2009 | Piotr Dollár, Christian Wojek, Bernt Schiele, Pietro Perona
The Caltech Pedestrian Dataset is introduced as a large-scale benchmark for pedestrian detection, containing 350,000 labeled pedestrian bounding boxes in 250,000 video frames. It is two orders of magnitude larger than existing datasets and includes challenging images with low resolution and frequent occlusions. The dataset provides rich annotations, including occlusion information, and is collected from a vehicle driving through urban environments. The authors propose improved evaluation metrics that demonstrate the limitations of commonly used per-window measures, which can fail to predict performance on full images. They benchmark several detection systems, providing an overview of state-of-the-art performance and a direct comparison of existing methods. The dataset also highlights situations where current methods fail, helping to identify future research directions.

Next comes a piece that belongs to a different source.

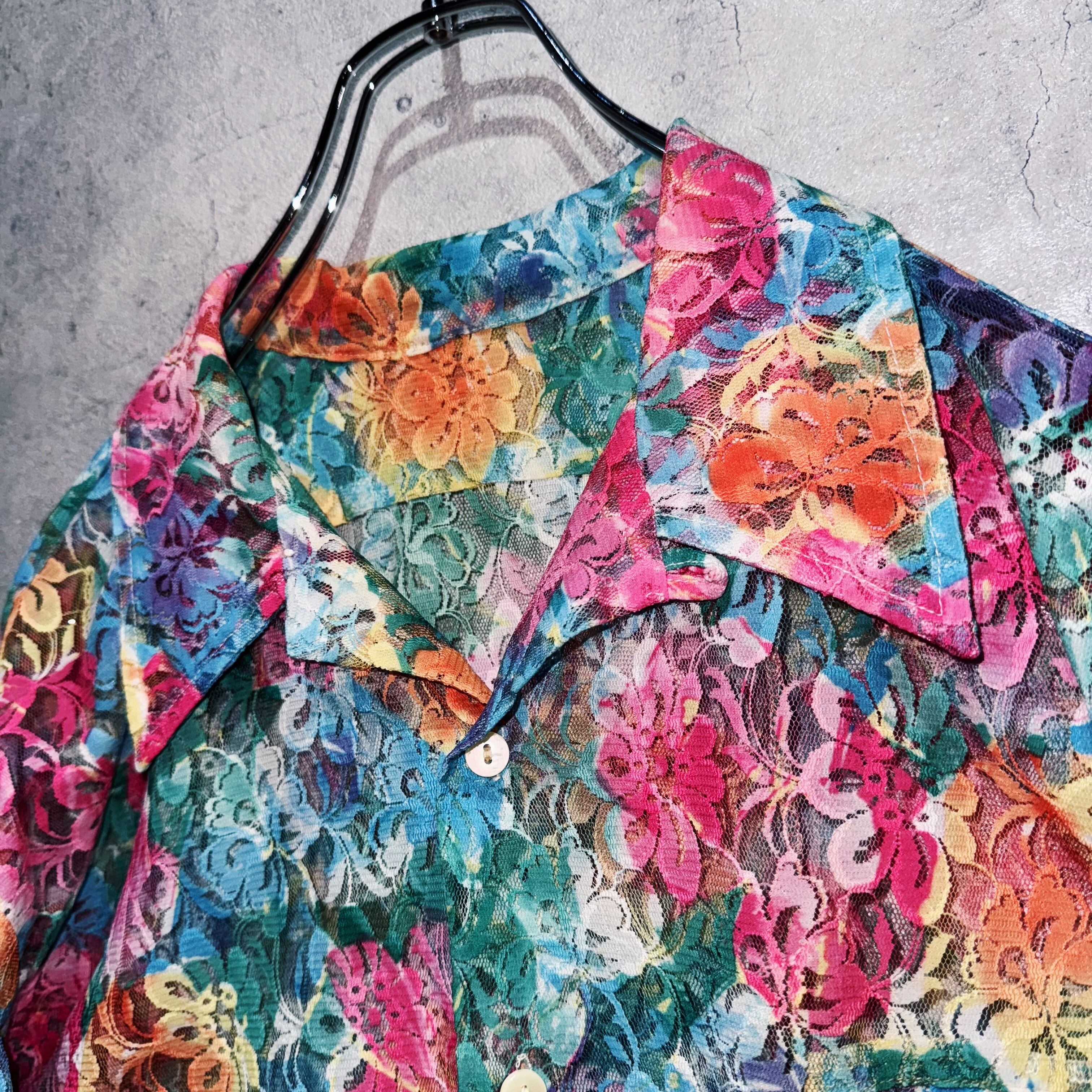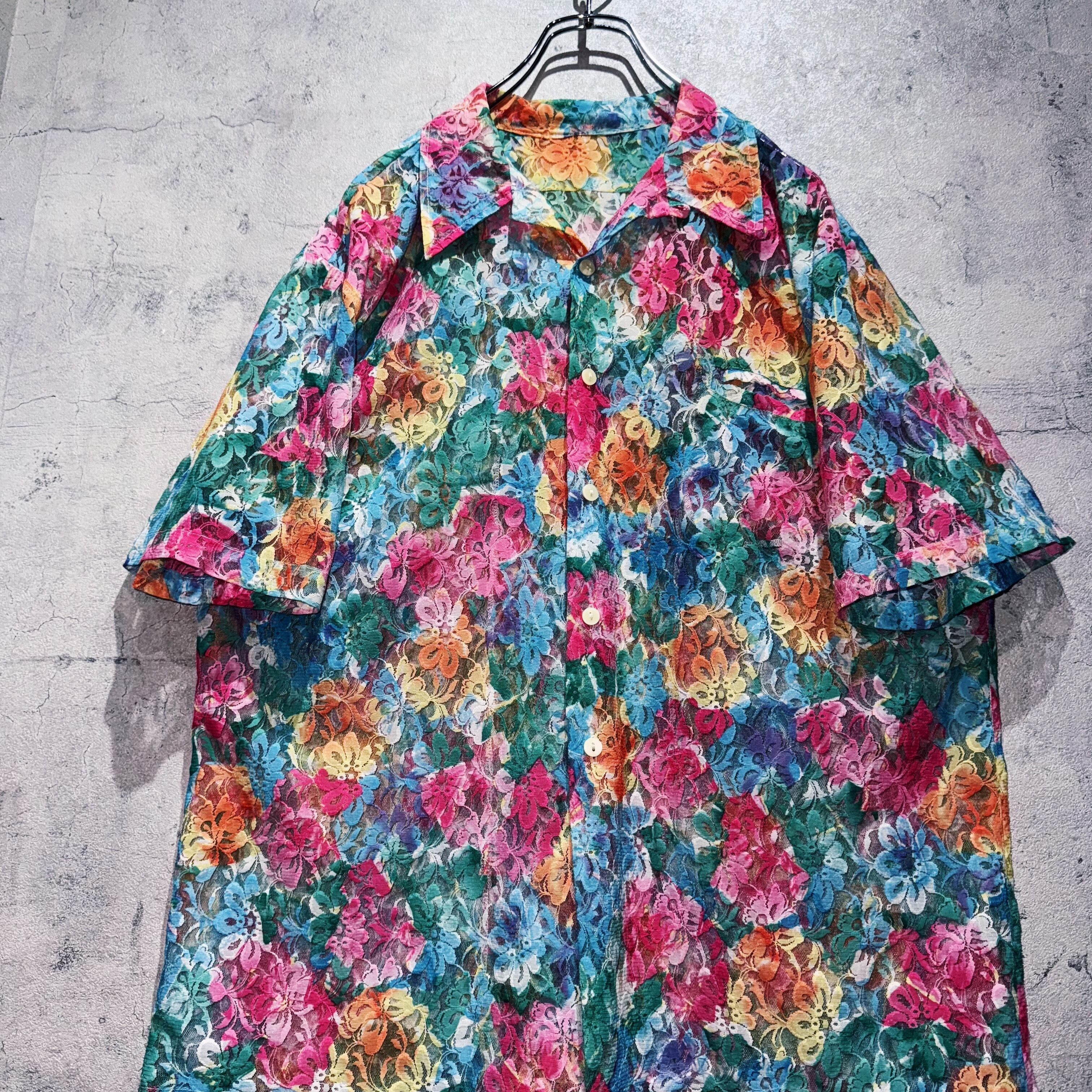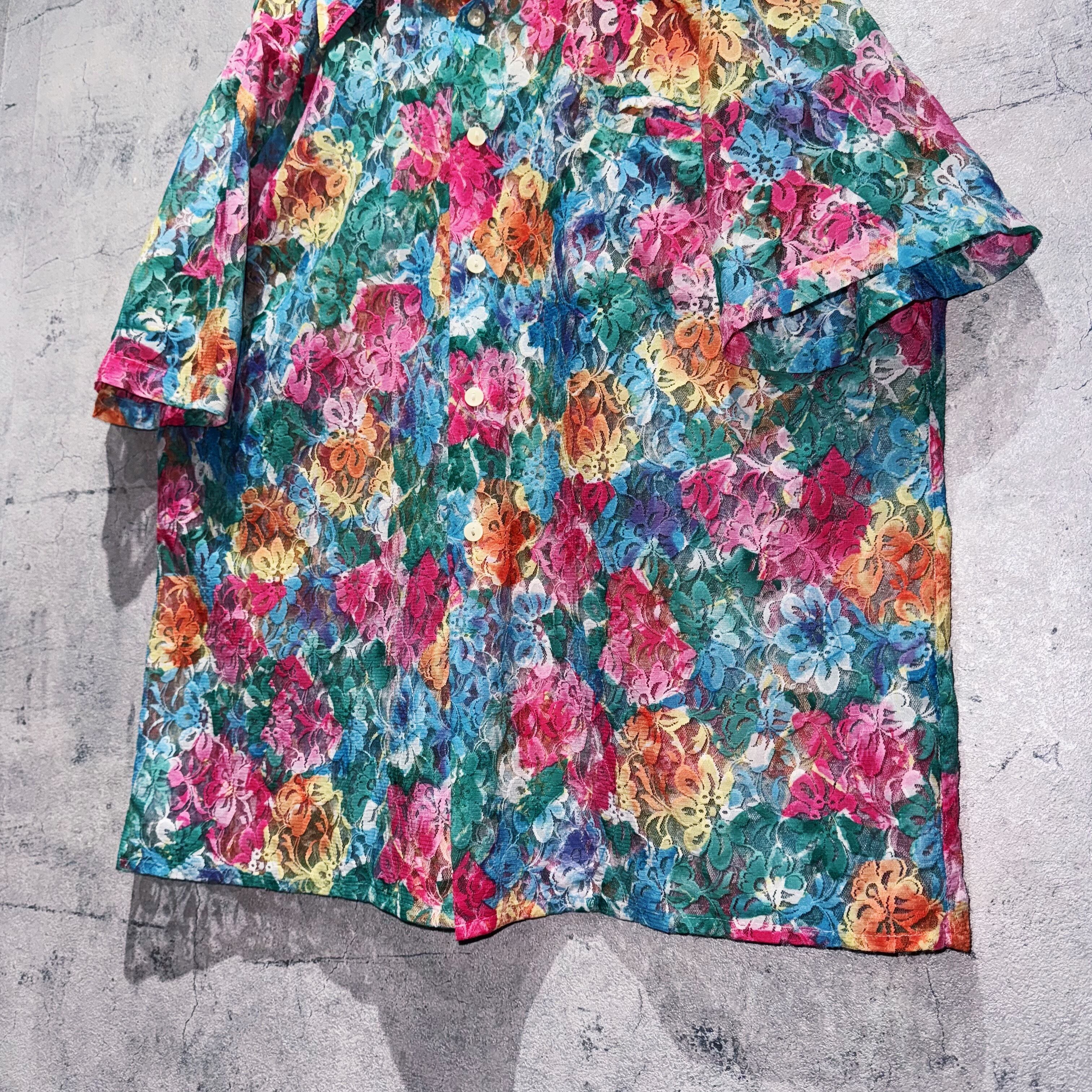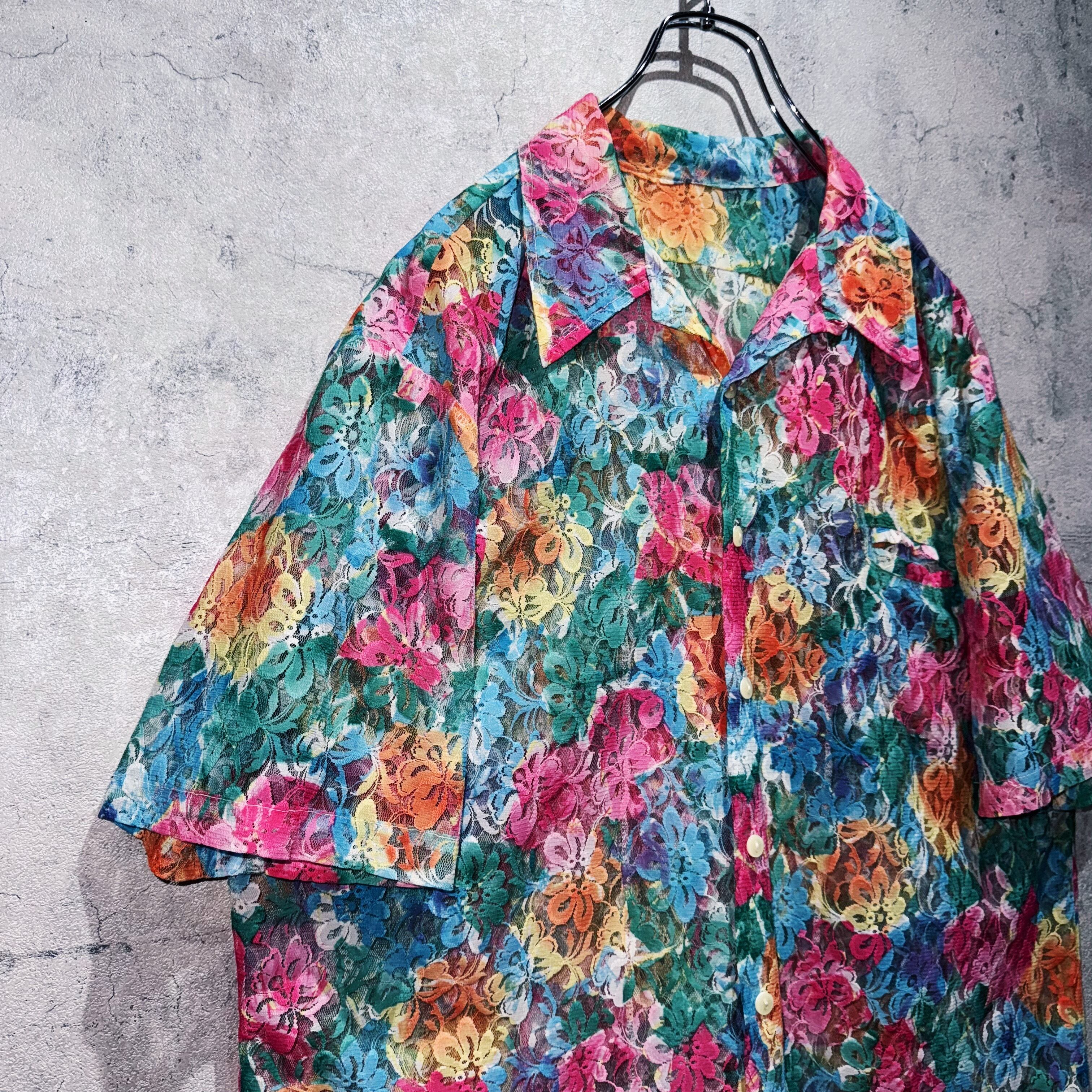 ビューティフルカラーリングフラワーパターンデザインショートスリーブシアーシャツ

The dataset includes statistics on pedestrian scale, occlusion, and position, which are more representative of real-world applications. Pedestrians are categorized into three scales: near (80 pixels or taller), medium (30-80 pixels), and far (30 pixels or less). The dataset also includes occlusion statistics, showing that over 70% of pedestrians are occluded in at least one frame. Position statistics show that pedestrians are typically located in a narrow band across the center of the image.
The dataset is split into training and testing data, with three scenarios for evaluation. The authors emphasize the importance of using per-image evaluation metrics, which are more representative of real-world applications than per-window metrics. They evaluate seven promising pedestrian detectors, finding that HOG and MultiFtr perform well, while others perform poorly. The results show that current methods struggle with detecting pedestrians at smaller scales, under partial occlusion, and with atypical aspect ratios.
The authors conclude that the Caltech Pedestrian Dataset provides a challenging benchmark for pedestrian detection, highlighting the need for research into detection at smaller scales and of partially occluded pedestrians. They also emphasize the importance of using per-image evaluation metrics and suggest future work on extending the benchmark to explore more issues. The dataset and evaluation code are available on the project website.The Caltech Pedestrian Dataset is introduced as a large-scale benchmark for pedestrian detection, containing 350,000 labeled pedestrian bounding boxes in 250,000 video frames. It is two orders of magnitude larger than existing datasets and includes challenging images with low resolution and frequent occlusions. The dataset provides rich annotations, including occlusion information, and is collected from a vehicle driving through urban environments. The authors propose improved evaluation metrics that demonstrate the limitations of commonly used per-window measures, which can fail to predict performance on full images. They benchmark several detection systems, providing an overview of state-of-the-art performance and a direct comparison of existing methods. The dataset also highlights situations where current methods fail, helping to identify future research directions.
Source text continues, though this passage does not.